[WORK ORDER]
Exactly as written, return all the data, leaving its pictures behind.

[DATA EXTRACT]
--- --- ---

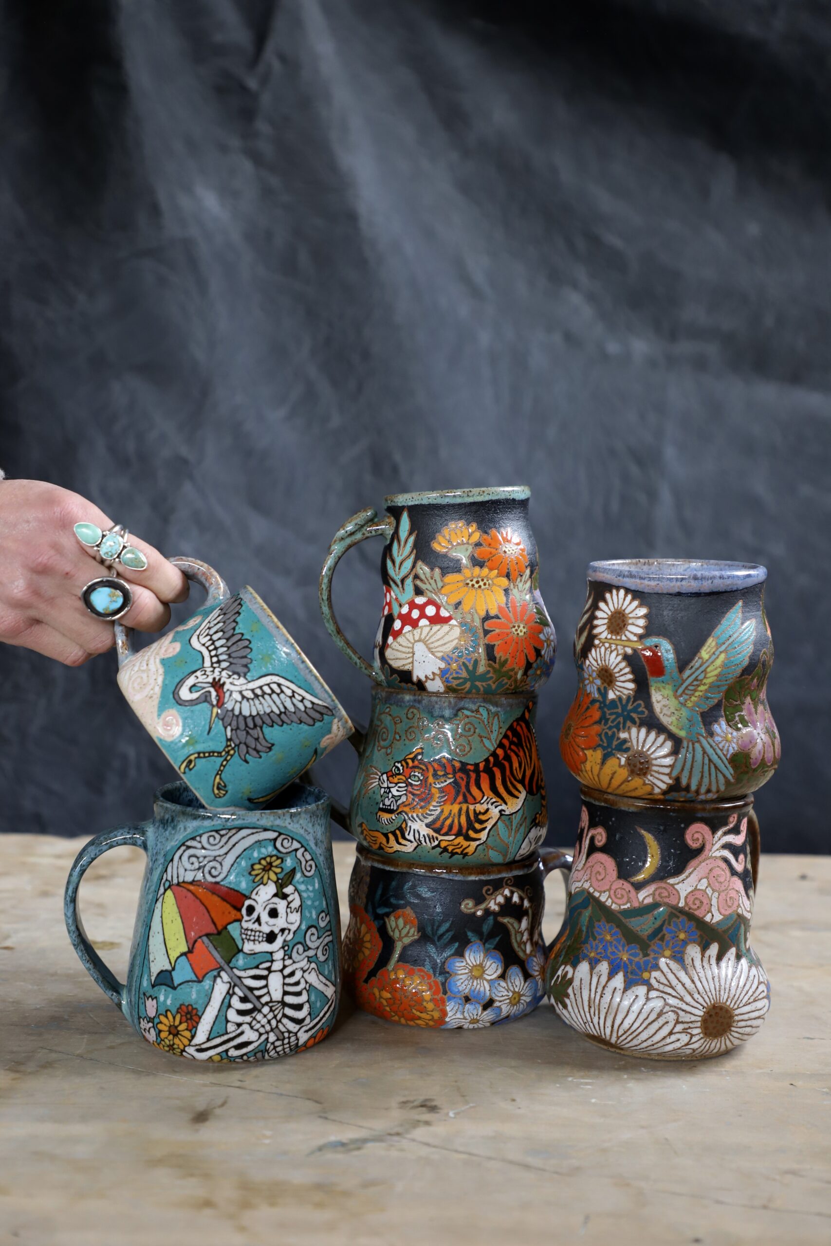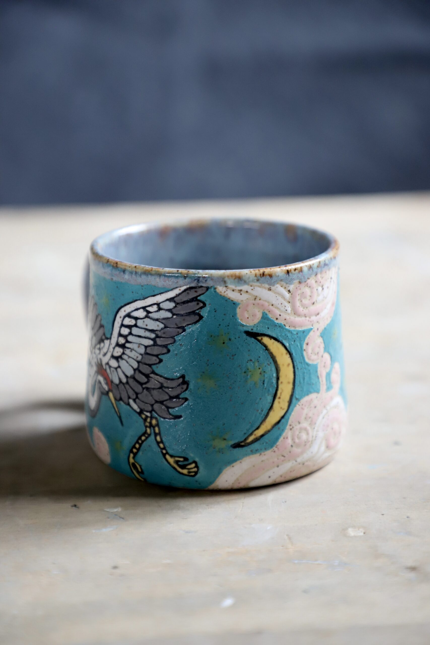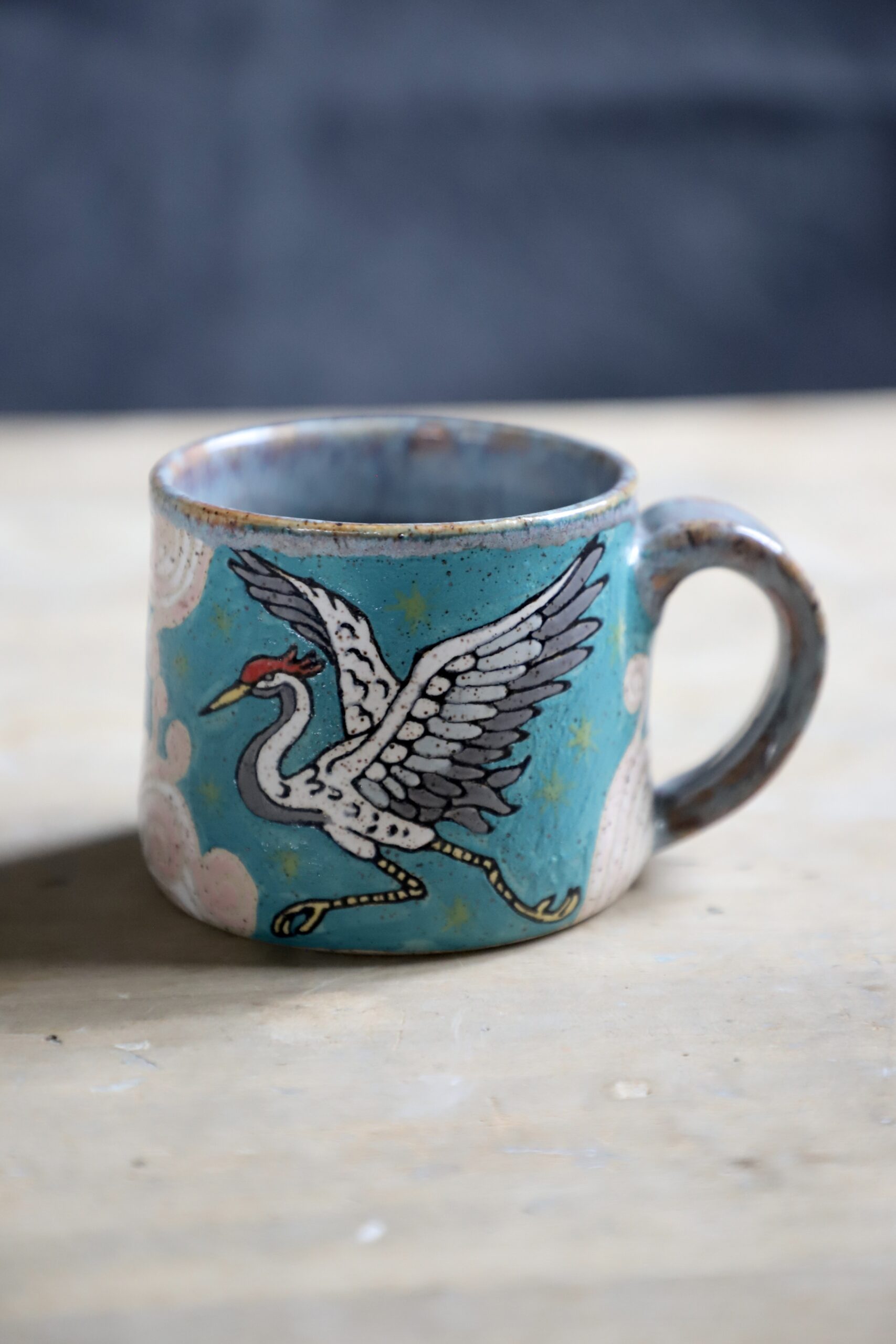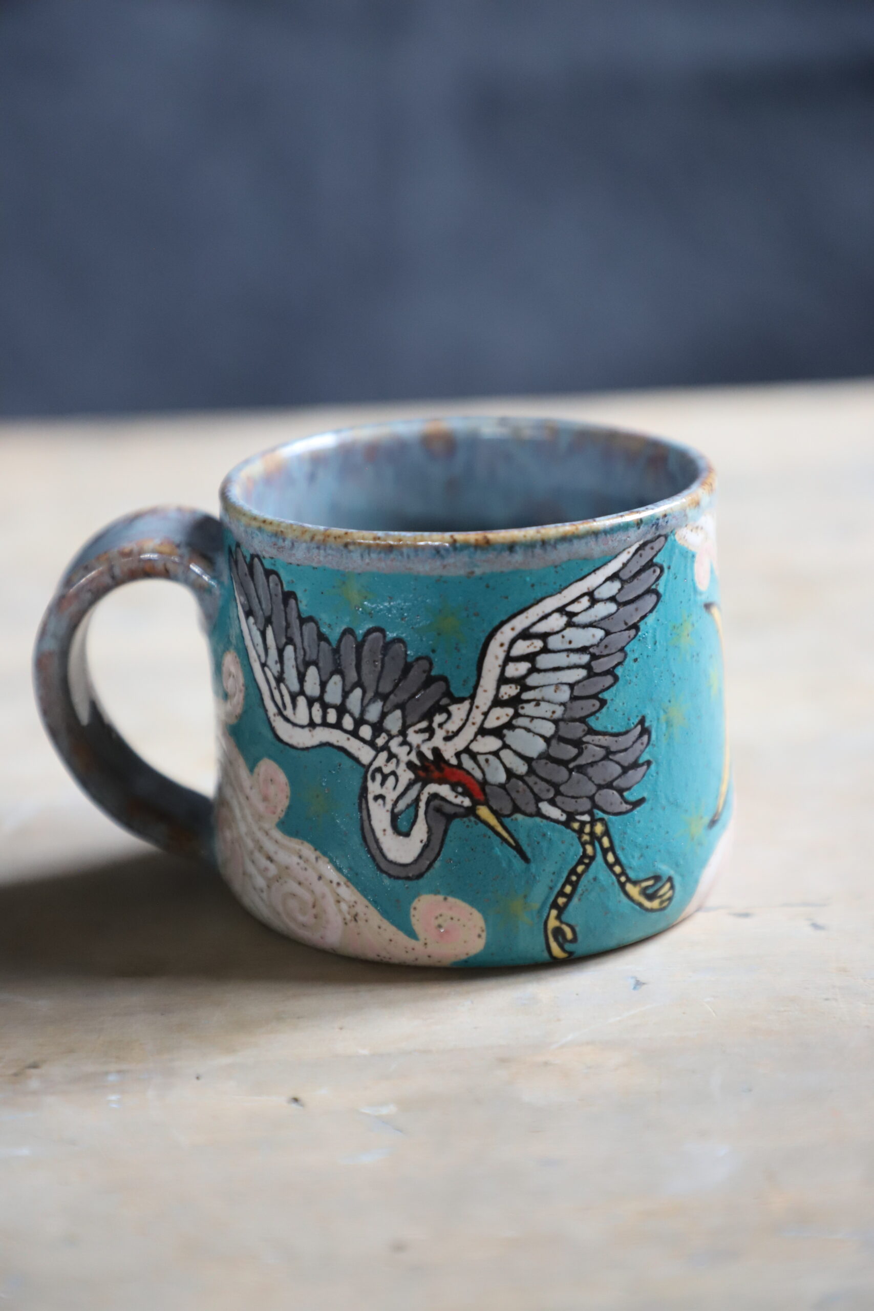 Crane & sunset mug holds 12oz. Handmade with love with joyful hands. Microwave & dishwasher safe. Although handwashing is best for the longevity of handmade pieces.
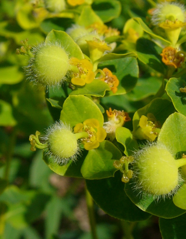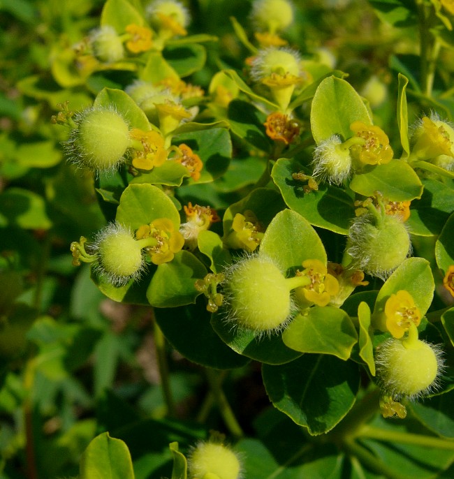 Euphorbia - Pflanze krautig, Drüsen ohne Hörnchen, Kapsel behaart, Hüllchenblätter kahl
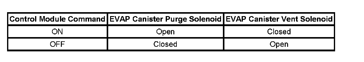 The table illustrates the relationship between the ON and OFF states, and the Open or Closed states of the EVAP canister purge and vent valves.

--- --- ---

[WRITTEN SOLUTION]
 Crane & sunset mug holds 12oz. Handmade with love with joyful hands. Microwave & dishwasher safe. Although handwashing is best for the longevity of handmade pieces.
 Euphorbia - Pflanze krautig, Drüsen ohne Hörnchen, Kapsel behaart, Hüllchenblätter kahl
 The table illustrates the relationship between the ON and OFF states, and the Open or Closed states of the EVAP canister purge and vent valves.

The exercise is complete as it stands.